* _Assignment_: The reply should hold every line of the data below, unchanged, and none of the pictures.

[Start of section]

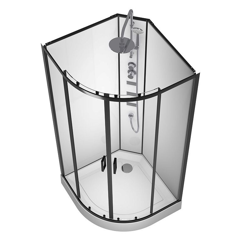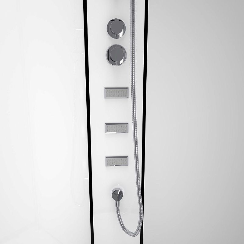 S-21811 Душевая кабина  90x90x(190+15)см с низким поддоном 15см, прозрачное закаленное стекло 5 мм,задние стеклянные стенки БЕЛЫЕ, профиль черный-мат., верхний душ, хромированный ручной душ + шланг для душа + хромированный держатель, кронштейн для душа. (3 места)
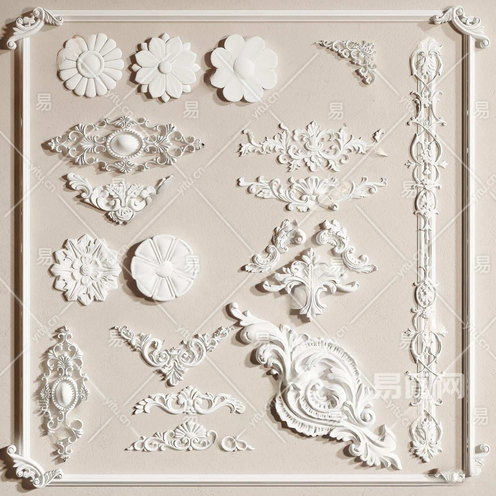 简欧石膏雕花3D模型下载
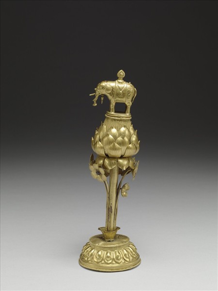 清宮作品,十八世紀。佛經《俱舍論》言,轉輪王出現於世,便有七寶出現世間;此七寶為輪寶、象寶、馬寶、珠寶、女寶、主藏臣寶、主兵臣寶。象寶象徵力大無窮,托在盛開的蓮花上,蓮花梗與數朵小花葉成束的立在蓮座上;鍍金銅片點焊相接,並略嵌松石、珊瑚,甚輕巧。
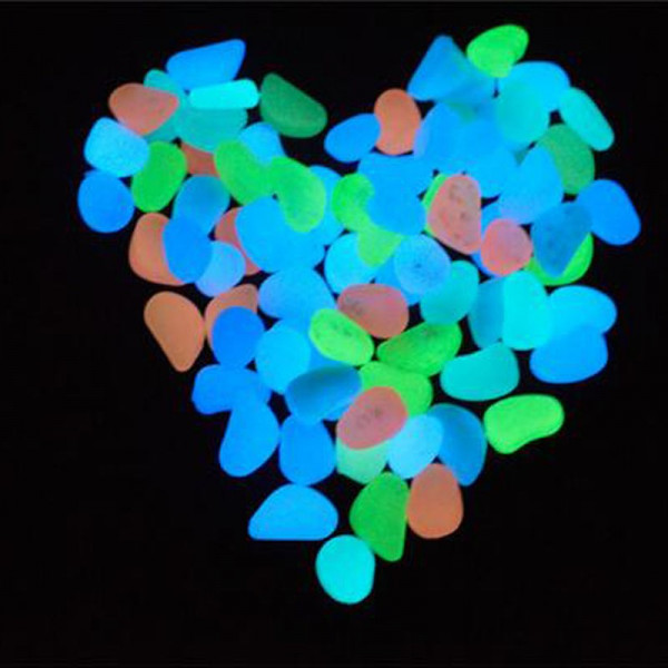 Petits galets en résine de qualité excellente en couleurs différents de jour et brillants dans la nuit, ils peuvent être rechargés avec une source lumineuse (rayons du soleil, o lumière artificielle).
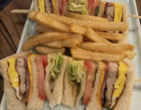 玩累了一看这个可以吃饭就进来了,食八方味道是不错,是个有简餐的茶餐厅。这里的汉堡做的很精致,肉馅到蔬菜,芝士到面包,用料都很新鲜,还不错。
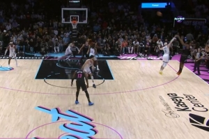 额度留到关键时刻!维金斯右侧弧顶关键三分命中帮助热火反超雷霆
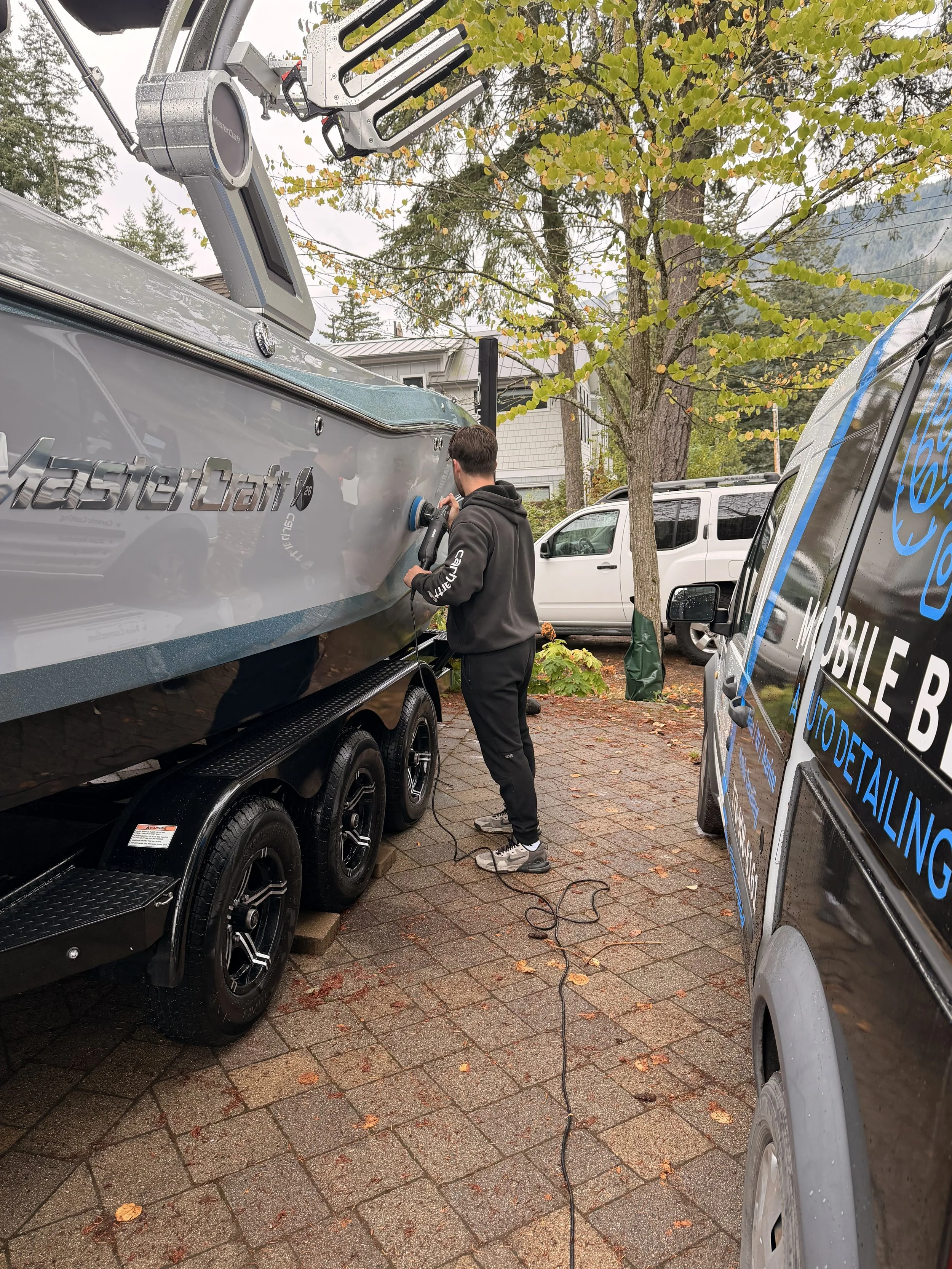 Boat gelcoat and marine paint take a beating from sun, salt, algae, water spots, and dock grime—so regular washing alone won’t keep the finish looking new. Our ceramic coating and polishing for boats restores clarity and shine, then seals the exterior with long-term protection for a deep gloss finish that lasts. The coating creates a slick, hydrophobic surface that helps repel water, oxidation, and staining, making your boat easier to clean with less scrubbing and fewer harsh chemicals. Ideal for boat owners who want a sharper look, reduced maintenance, and better protection for the hull, topsides, and exterior surfaces all season long.
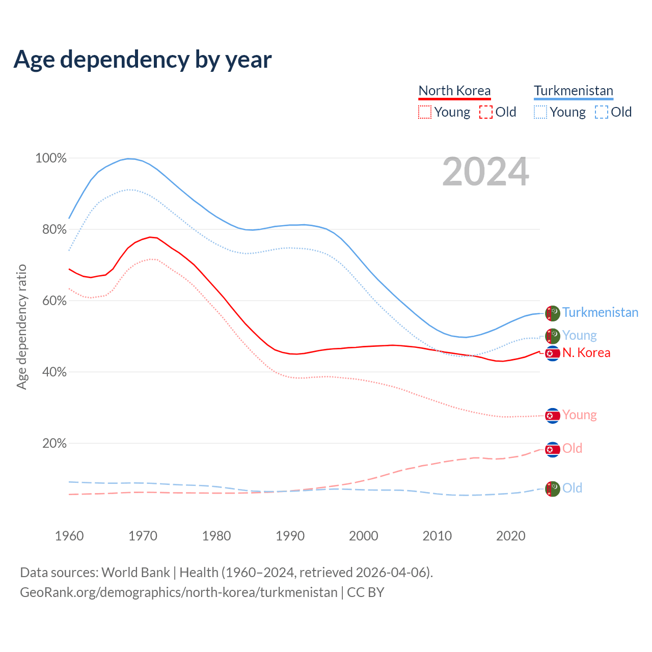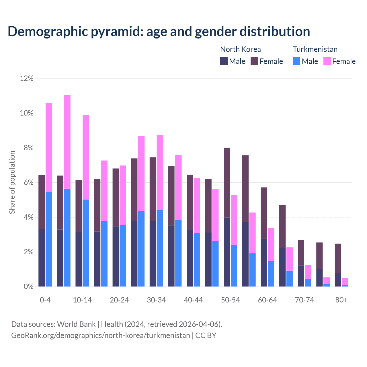 - North Korea is ranked 62/196 by median age (oldest to youngest) vs 119/196 for Turkmenistan.
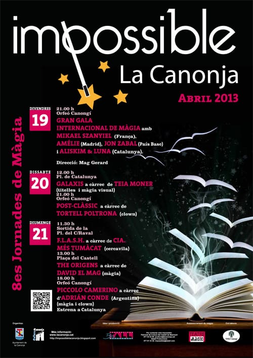 Llegir mésDetailsLa 8a edició del Festival de Màgia de la Canonja IMPOSSIBLE se celebrarà els dies 19, 20 i 21 d'abril del 2013. Gran gala Internacional...
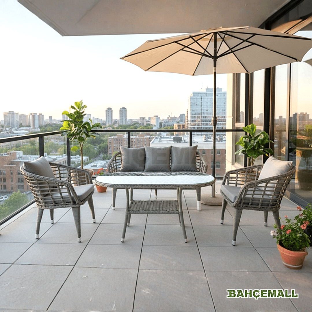 • Bu Happy Bahçe Mobilyası, bir adet Sehpa ve iki adet Tekli ve bir adet İkili koltuktan oluşur.
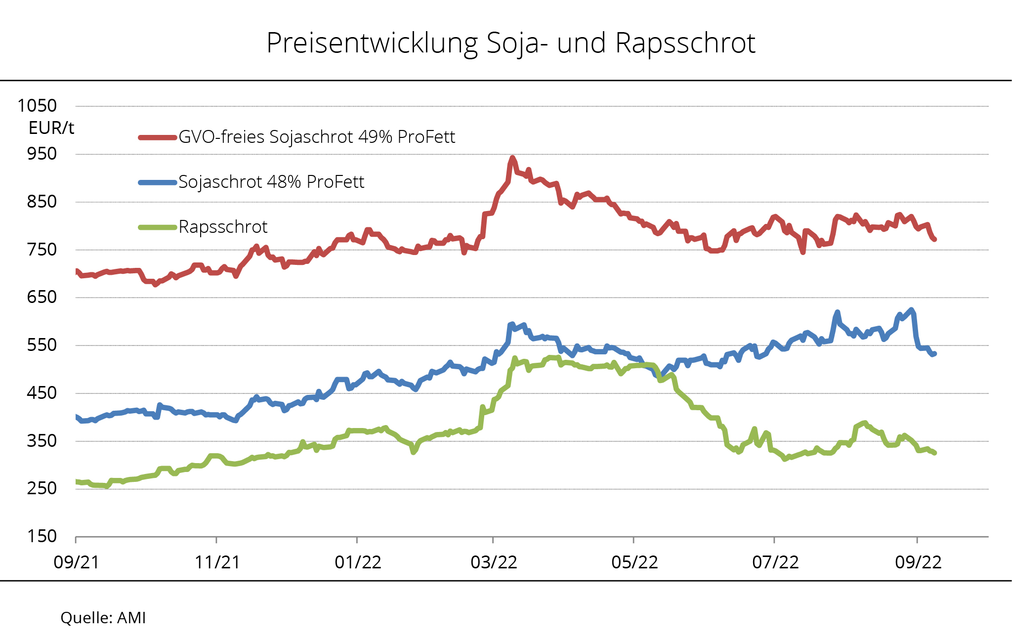 Die Preise für Sojaschrot stiegen im August ebenfalls deutlich an. Zum einen gestützt von den ungünstigen Vegetationsbedingungen in den USA, dem wichtigsten Anbieter am Weltmarkt, zum anderen getrieben von den steigenden Energiekursen und infolgedessen steigenden Logistikkosten bei zusätzlich begrenztem Frachtraum. Im August 2022 wurden für 48er Partien im Schnitt 585 EUR/t fob Mühle aufgerufen und damit 3,1 % mehr als im Vormonatsdurchschnitt und sogar 45 % über der Vorjahreslinie. Mit dem Einbruch der Sojanotierungen Anfang September 2022 aufgrund der nach oben korrigierten US-Ertragsprognosen gaben die Kassapreise in Deutschland ebenfalls nach.
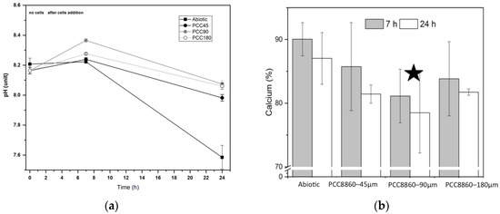 (a) Dynamics of pH in the abiotic conditions and in the presence of Syn. PCC8806 biomass. Data collected after 7 and 24 h. (b) Measured dissolved calcium (%) of the initial calcium concentration at different stages of the experiment (3 replicates). The initial molar concentration of calcium was 2.52 mM. The changes in Syn. PCC8806-90μm solutions were found to be statistically significant: A star indicates this.
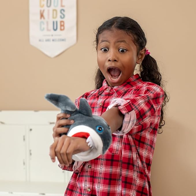The Petting Zoo Shark Stuffed Animal Plushie Slap Bracelet, Gifts for Kids, Slapstix Sealife Animals, Shark Plush Toy, 10 inches
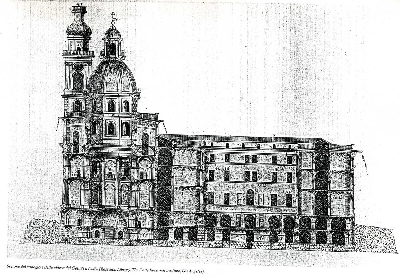 «Будували не на пустому місці. Архівний план 1691 року показує, що на території, де зараз розташовані Гарнізонний храм і школа №62, стояло кілька будвель: кафедральна школа, будинок настоятеля катедри та приватна кам’яниця. Сам храм і колегія є частиною єдиного архітектурного комплексу, задумано як храм і освітній заклад ордену єзуїтів», — пояснює Олег Друздєв.
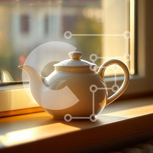 Intra Συλλεκτικό Ξύλινο Παζλ Plywood 4mm – Κομψή λευκή τσαγιέρα στο φως του ήλιου Σε Ξύλινο Κουτί – Διαστάσεις: 10×10 cm – 25 κομμάτια

[End of section]

* _Answer to the exercise_:
 S-21811 Душевая кабина  90x90x(190+15)см с низким поддоном 15см, прозрачное закаленное стекло 5 мм,задние стеклянные стенки БЕЛЫЕ, профиль черный-мат., верхний душ, хромированный ручной душ + шланг для душа + хромированный держатель, кронштейн для душа. (3 места)
 简欧石膏雕花3D模型下载
 清宮作品,十八世紀。佛經《俱舍論》言,轉輪王出現於世,便有七寶出現世間;此七寶為輪寶、象寶、馬寶、珠寶、女寶、主藏臣寶、主兵臣寶。象寶象徵力大無窮,托在盛開的蓮花上,蓮花梗與數朵小花葉成束的立在蓮座上;鍍金銅片點焊相接,並略嵌松石、珊瑚,甚輕巧。
 Petits galets en résine de qualité excellente en couleurs différents de jour et brillants dans la nuit, ils peuvent être rechargés avec une source lumineuse (rayons du soleil, o lumière artificielle).
 玩累了一看这个可以吃饭就进来了,食八方味道是不错,是个有简餐的茶餐厅。这里的汉堡做的很精致,肉馅到蔬菜,芝士到面包,用料都很新鲜,还不错。
 额度留到关键时刻!维金斯右侧弧顶关键三分命中帮助热火反超雷霆
 Boat gelcoat and marine paint take a beating from sun, salt, algae, water spots, and dock grime—so regular washing alone won’t keep the finish looking new. Our ceramic coating and polishing for boats restores clarity and shine, then seals the exterior with long-term protection for a deep gloss finish that lasts. The coating creates a slick, hydrophobic surface that helps repel water, oxidation, and staining, making your boat easier to clean with less scrubbing and fewer harsh chemicals. Ideal for boat owners who want a sharper look, reduced maintenance, and better protection for the hull, topsides, and exterior surfaces all season long.
 - North Korea is ranked 62/196 by median age (oldest to youngest) vs 119/196 for Turkmenistan.
 Llegir mésDetailsLa 8a edició del Festival de Màgia de la Canonja IMPOSSIBLE se celebrarà els dies 19, 20 i 21 d'abril del 2013. Gran gala Internacional...
 • Bu Happy Bahçe Mobilyası, bir adet Sehpa ve iki adet Tekli ve bir adet İkili koltuktan oluşur.
 Die Preise für Sojaschrot stiegen im August ebenfalls deutlich an. Zum einen gestützt von den ungünstigen Vegetationsbedingungen in den USA, dem wichtigsten Anbieter am Weltmarkt, zum anderen getrieben von den steigenden Energiekursen und infolgedessen steigenden Logistikkosten bei zusätzlich begrenztem Frachtraum. Im August 2022 wurden für 48er Partien im Schnitt 585 EUR/t fob Mühle aufgerufen und damit 3,1 % mehr als im Vormonatsdurchschnitt und sogar 45 % über der Vorjahreslinie. Mit dem Einbruch der Sojanotierungen Anfang September 2022 aufgrund der nach oben korrigierten US-Ertragsprognosen gaben die Kassapreise in Deutschland ebenfalls nach.
 (a) Dynamics of pH in the abiotic conditions and in the presence of Syn. PCC8806 biomass. Data collected after 7 and 24 h. (b) Measured dissolved calcium (%) of the initial calcium concentration at different stages of the experiment (3 replicates). The initial molar concentration of calcium was 2.52 mM. The changes in Syn. PCC8806-90μm solutions were found to be statistically significant: A star indicates this.
The Petting Zoo Shark Stuffed Animal Plushie Slap Bracelet, Gifts for Kids, Slapstix Sealife Animals, Shark Plush Toy, 10 inches
 «Будували не на пустому місці. Архівний план 1691 року показує, що на території, де зараз розташовані Гарнізонний храм і школа №62, стояло кілька будвель: кафедральна школа, будинок настоятеля катедри та приватна кам’яниця. Сам храм і колегія є частиною єдиного архітектурного комплексу, задумано як храм і освітній заклад ордену єзуїтів», — пояснює Олег Друздєв.
 Intra Συλλεκτικό Ξύλινο Παζλ Plywood 4mm – Κομψή λευκή τσαγιέρα στο φως του ήλιου Σε Ξύλινο Κουτί – Διαστάσεις: 10×10 cm – 25 κομμάτια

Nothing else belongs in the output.